I definitely don't see standardbred, though.


----------



## MicKey73 (Dec 26, 2010)

Well, she's definitely cute and in good shape. Enjoy her, whatever her breed


----------



## Charlie P (Jul 21, 2010)

DraftyAiresMum said:


> Honestly, your mare could be a doppleganger for the mare (I'm guessing it's a mare) in that second pic posted by Mickey73. May just be the angle of pic, but their legs look similarly built, as do their necks.
> 
> This is a mare for sale on the AMHA (American Morgan Horse Association) website:
> http://www.morganhorse.com/pod/img.php?t=classified_listings&f=image2&id=5885
> ...


Thanks for the reply and the link.
I don't see the simularity in that photo to my mare other than color. The Morgan is long and stretched looking. My mare is much more compact with a relatively short back. Also does not hold her neck and head like a Morgan. I have never seen the traits of an Arab either,ie: in gaits or tail high movements.
I really have no idea what she is because I have not seen a horse like this personaly.... and I handle a BUNCH. I can tell you her trot is as smooth as they come, you can sit it bareback with little effort.
Feet are small and tight 4 inches wide by 4 inches long. That is smaller than some ponies. So her feet don't match up to the Morgan or Arab breeds as they generally have robust hoofs.
Any other thoughts?


----------



## tinyliny (Oct 31, 2009)

I , too , thought morgan, but I see why you might think some arab, too. She is very nicely built, whatever her breed.


----------



## megm5441 (Mar 7, 2011)

I see Morgan/Arab too. I definitely don't see Standardbred. As far as identifying to tail carriage...there is a mare at the barn I board at, she is a Paint/Tennessee Walker, she flags her tail when she runs, just like an Arab. 

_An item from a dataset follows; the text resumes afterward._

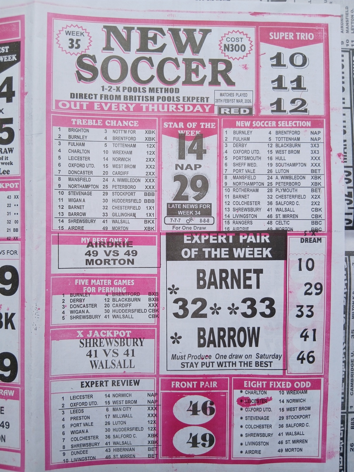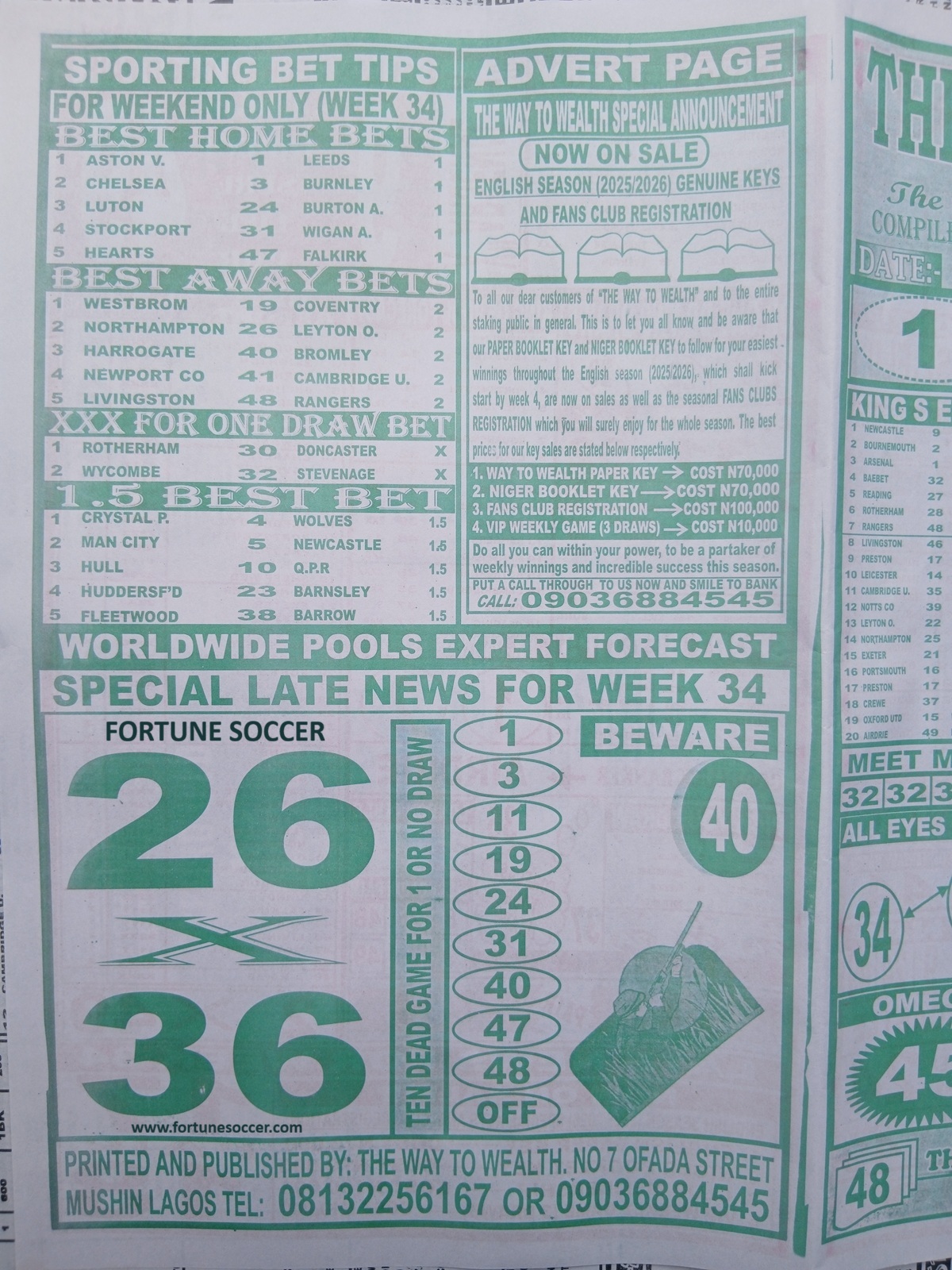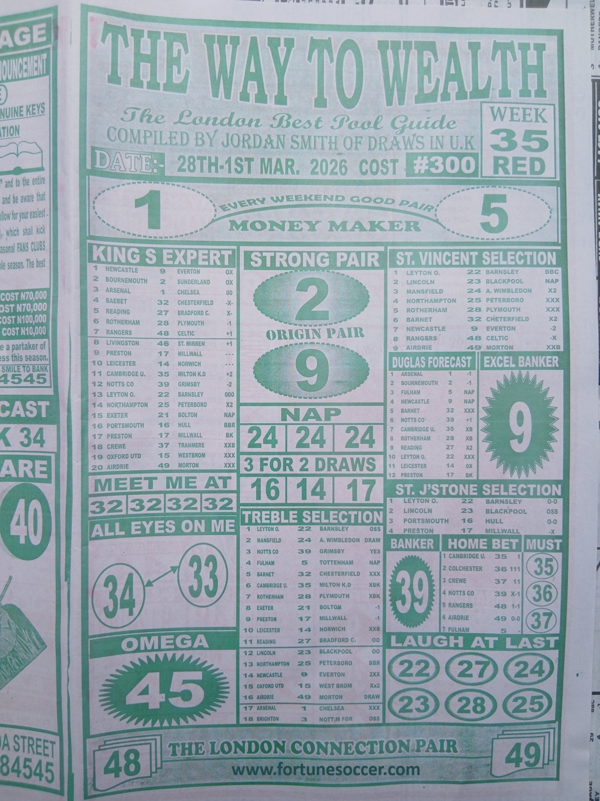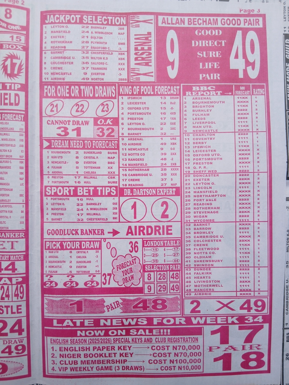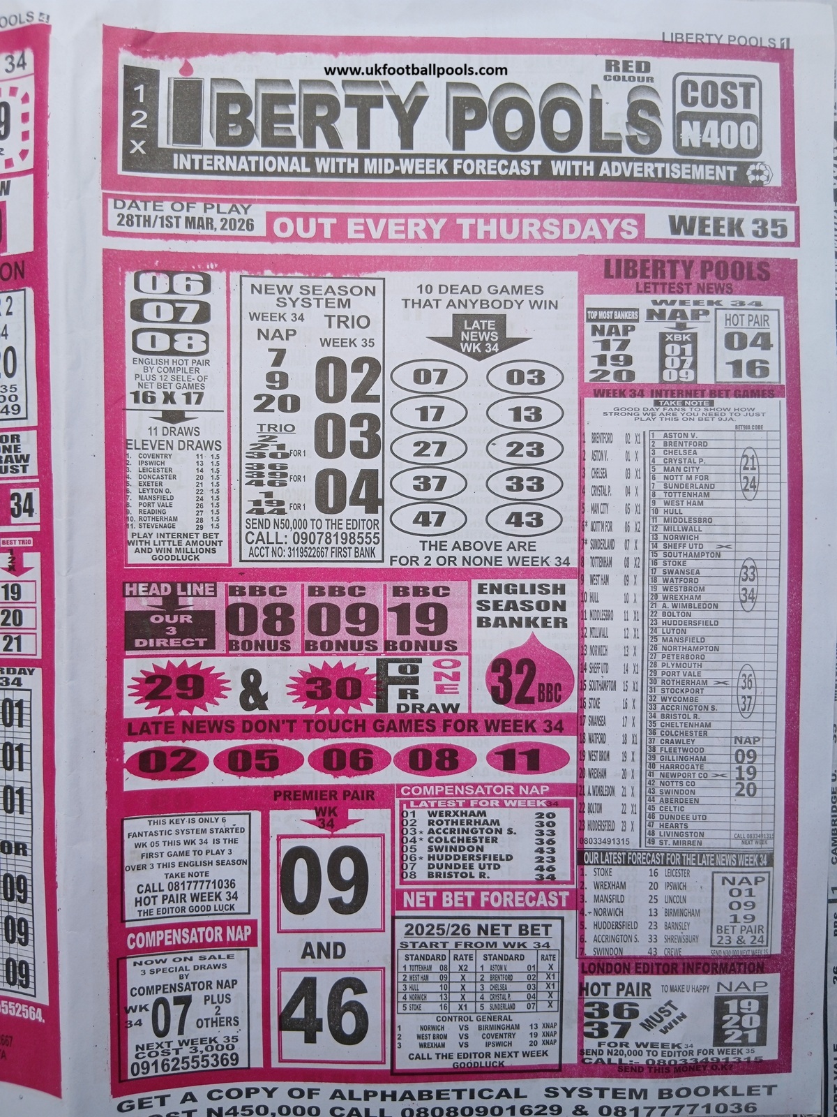 CHECK ALSO: Current Week 35 Pool Late News Papers 2026 ~ BigWin, Pools Telegraph, Temple Of Draws

She is cute. Looks like she has a great personality.


----------



## Charlie P (Jul 21, 2010)

megm5441 said:


> I see Morgan/Arab too. I definitely don't see Standardbred. As far as identifying to tail carriage...there is a mare at the barn I board at, she is a Paint/Tennessee Walker, she flags her tail when she runs, just like an Arab.
> 
> She is cute. Looks like she has a great personality.


She has a personality, she is often refered to as the circus pony around the barn. She will come on a whistle or a clap,greet with a smile, a kiss, she will fetch a hat and bring it back to you, hand you her feed pan, bow (for a treat) ect. 
There is a Morgan at the barn, I could possibly get a group picture to see if there are simularity between the two.

I think her tail set is too low to have Arab in her unless it is Polish Arab.


----------



## Elana (Jan 28, 2011)

My first thought was Some sort of Welsh Pony cross. Little long in the back but not a bad rescue at all.


----------